• Action item:
Return the entries below verbatim. Pictures stay out.

• Given data:

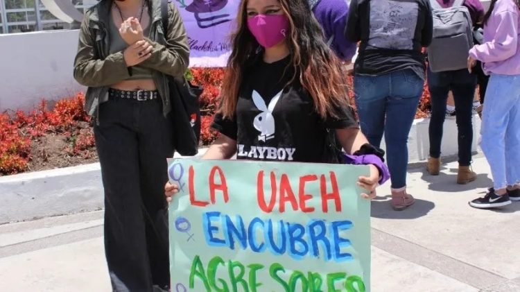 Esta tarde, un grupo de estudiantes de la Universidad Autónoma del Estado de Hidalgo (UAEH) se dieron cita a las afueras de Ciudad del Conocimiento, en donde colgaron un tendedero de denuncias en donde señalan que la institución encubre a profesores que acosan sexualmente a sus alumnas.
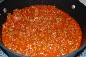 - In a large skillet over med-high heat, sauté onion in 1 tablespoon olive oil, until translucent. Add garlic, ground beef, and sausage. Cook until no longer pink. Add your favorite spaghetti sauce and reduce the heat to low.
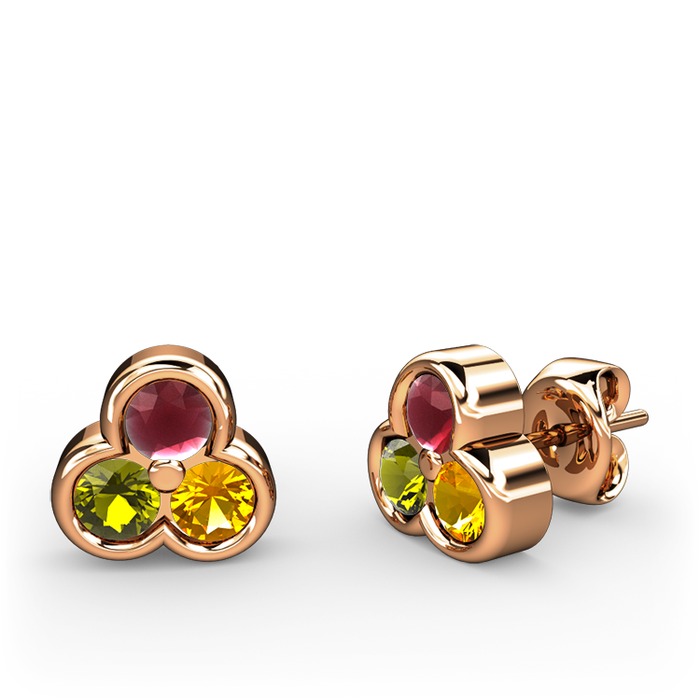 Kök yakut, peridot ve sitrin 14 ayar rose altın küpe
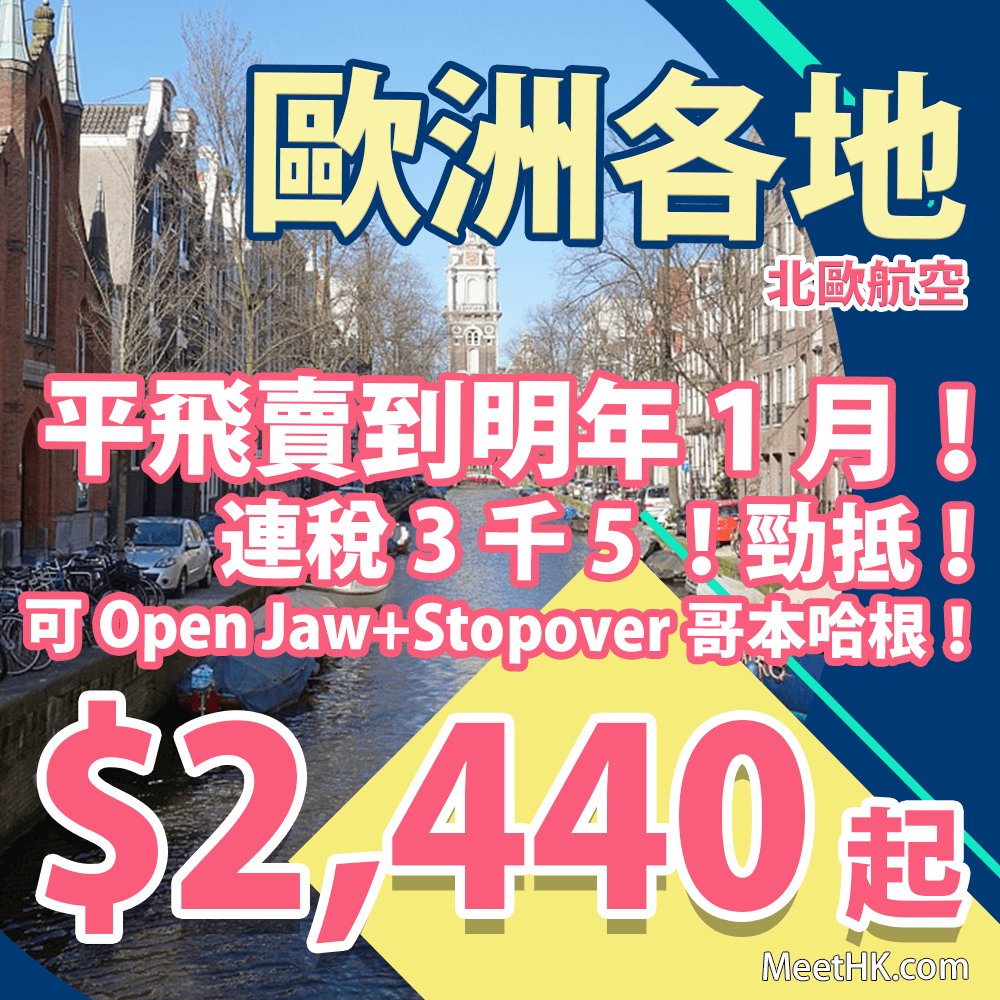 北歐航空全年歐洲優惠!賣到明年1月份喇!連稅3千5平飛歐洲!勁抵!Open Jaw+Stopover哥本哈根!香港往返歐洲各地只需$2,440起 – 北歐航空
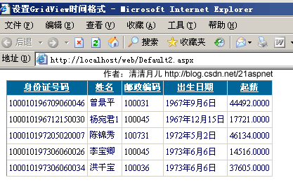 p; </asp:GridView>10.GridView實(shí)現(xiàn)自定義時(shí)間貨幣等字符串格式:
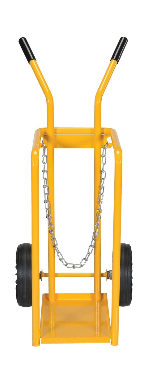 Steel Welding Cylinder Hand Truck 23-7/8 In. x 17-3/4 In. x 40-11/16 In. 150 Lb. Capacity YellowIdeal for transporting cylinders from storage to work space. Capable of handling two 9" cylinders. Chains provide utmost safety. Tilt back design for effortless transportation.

• Solution:
 Esta tarde, un grupo de estudiantes de la Universidad Autónoma del Estado de Hidalgo (UAEH) se dieron cita a las afueras de Ciudad del Conocimiento, en donde colgaron un tendedero de denuncias en donde señalan que la institución encubre a profesores que acosan sexualmente a sus alumnas.
 - In a large skillet over med-high heat, sauté onion in 1 tablespoon olive oil, until translucent. Add garlic, ground beef, and sausage. Cook until no longer pink. Add your favorite spaghetti sauce and reduce the heat to low.
 Kök yakut, peridot ve sitrin 14 ayar rose altın küpe
 北歐航空全年歐洲優惠!賣到明年1月份喇!連稅3千5平飛歐洲!勁抵!Open Jaw+Stopover哥本哈根!香港往返歐洲各地只需$2,440起 – 北歐航空
 p; </asp:GridView>10.GridView實(shí)現(xiàn)自定義時(shí)間貨幣等字符串格式:
 Steel Welding Cylinder Hand Truck 23-7/8 In. x 17-3/4 In. x 40-11/16 In. 150 Lb. Capacity YellowIdeal for transporting cylinders from storage to work space. Capable of handling two 9" cylinders. Chains provide utmost safety. Tilt back design for effortless transportation.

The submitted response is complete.